Take Ascension Coffee as an example. Last fall, the local peddler of craft espresso shuttered four locations, including two downtown. One dwelled inside Thanksgiving Tower. Aside from a big-name Seattle chain that rhymes with “shmarbucks,” Ascension Coffee was a mere few minutes’ walk from the D Magazine office. (Selfishly, it was the closest place I could procure a nice cortado and it remained a solid lunch meeting spot, too.)
Sure, cafes and lunch counters abound in Dallas downtown. Still, Ascension represented that third place: reliable, worth-visiting, nearby. So when it closed it left a coffee-lunch-happy-hour-wine shaped void in the area.
This week, Parterre debuted in that very space. A place where lattes and cappuccini once fueled downtown urbanites now does so again. The all-day café comes from the team behind La Reunion, in the Bishop Arts District.
Which is to say, the coffee program is no joke. Beans come from Flower Mound’s Novel Coffee Roasters—though, there’s chatter of starting its own in-house roasting setup. Right now, that means a Kerchanshe roast from Ethiopia is as likely to appear in an espresso cup as a glass coupe. Cocktails such as espresso martinis and Carajillos deliver both boozy-buzz and smoky-fruity flavors from the roast. Put another way: This ain’t your average coffee cocktail. Barman Joe Rodriguez makes sure of it.

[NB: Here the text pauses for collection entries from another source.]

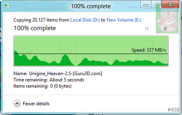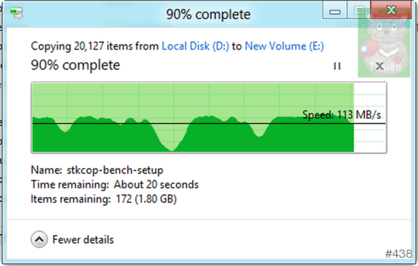 Windows 8 的Copy程式執行過程測試、測試資料匣同前就是相同Test Packs的資料夾、總容量是19.5GB共16,696檔案,大小都有。由SSD的D碟COPY TO GR3630-SB3的E碟。
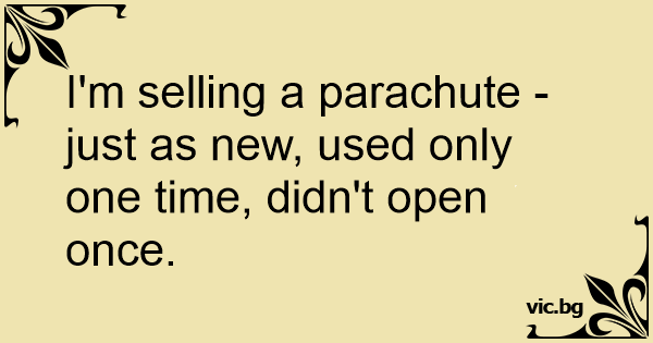 Inserzione giornalistica: Vendesi paracadute. Usato una sola volta. Mai aperto. Piccola macchia.
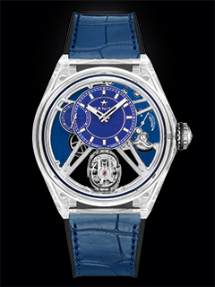 Inspired by the gimbal suspension system used in marine chronometers to counteract the effects of gravity, the Manufacture based in Le Locle has miniaturised the principle with its Zenith Zero G movement. To celebrate its 160th anniversary, it is unveiling two new 10-piece limited series in 46 mm respectively blue or transparent sapphire cases. They house hand-wound El Primero Calibre 8812 and the fascinating Zero Gravity module, which pivots at 6 o’clock to remain in a horizontal position.
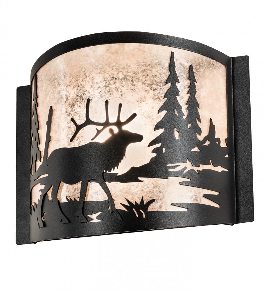 Rustic charm is captured beautifully. This majestic Elk meanders by a woodland lake while the morning sun rises in the background of this natural wildlife inspired wall sconce. Soft ambient light projects through a stunning Silver Mica shade which is complemented with a Textured Black finish. This curvaceous ADA Compliant wall fixture is Made to Order in our 180;000 square foot manufacturing facility in Yorkville; NY. Diffuser colors; metal finishes and fixture sizes can be customized. UL and cUL listed for dry and damp locations.
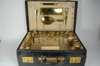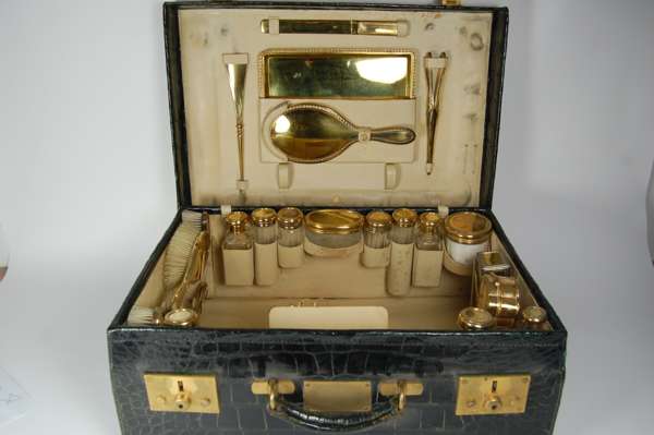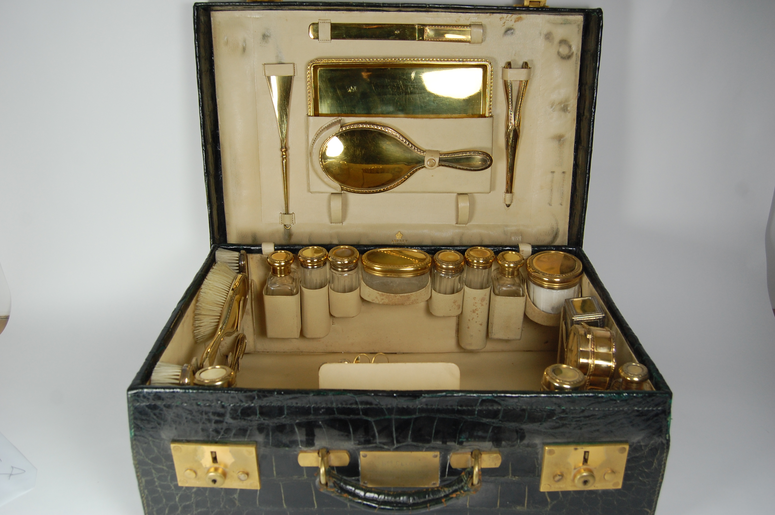 Charles & George Asprey, London 1904, the blue crocodile leather suitcase fitted with a large set of silver gilt dressing and travelling accessories, including dressing table tray, jars, bottles and brushes etc, also with a small carriage time piece, each with silver gilt mounts with ovolo foliate border
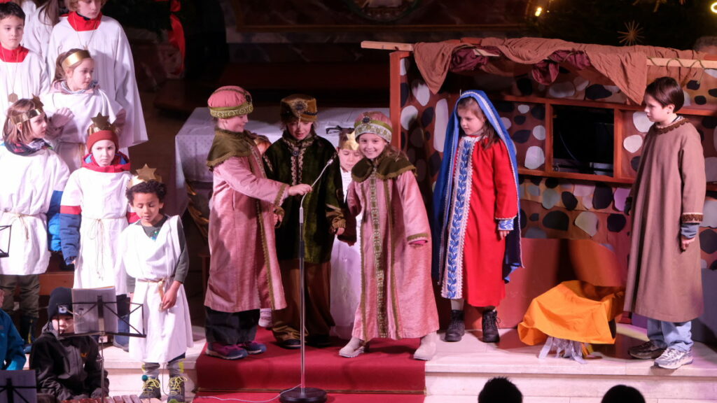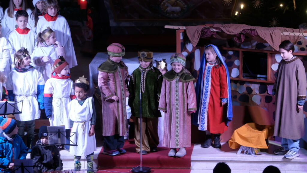 Der Mittelgang wurde zur Verkehrsader des Spiels: Dort wurden die drei dem Stern nach Bethlehem folgenden Könige aus dem Morgenland von Fanfarenstößen bei ihrem Besuch beim Statthalter angekündigt, aber über diesen gelangten sie wie auch die Hirten nach der Verkündigung durch die Engel zum Stall. Wo diese dann von einer resoluten Maria ihre Plätze angewiesen bekamen, nachdem sie zuvor die Geburt Jesu auf etwas unkonventionelle Art dargestellt hatte.

Rodriguez designed the drinks menu at La Reunion and brings his attention to drinky details to Parterre. As of now, the drinks menu consists of classics—G&Ts, negronis, daiquiris—but they’re unmistakably well-done. A Manhattan is concocted with Amaro Nonino, grapefruit bitters, and Barrel Armida bourbon imbued with cherrywood smoke right before your eyes. As mentioned, anything with espresso in it enchants. The repertoire will expand as Parterre gets its sea legs under them.
Breakfast tacos and a bacon-avocado-cheese sandwich placates the morning crowds. Lunch brings kale salads for the health-conscious or cubano sandwiches for the taste-conscious. A plan to begin smoking meats in house is in the works (the fats from which will eventually be used to give spirits a savory nudge, like a pork roast-washed bourbon).
Well, well, well. I can scratch my cortado itch yet again. More importantly, a place for the caffeinated denizens of downtown has reemerged. We’re whole again—with a hot coffee in hand. Owner and verifiable coffee nerd Mike Mettendorf, helped launch Ascension Coffee into the upper stratosphere of the local coffee world back in the early 2010s. And here he is again. How’s that for a full circle moment?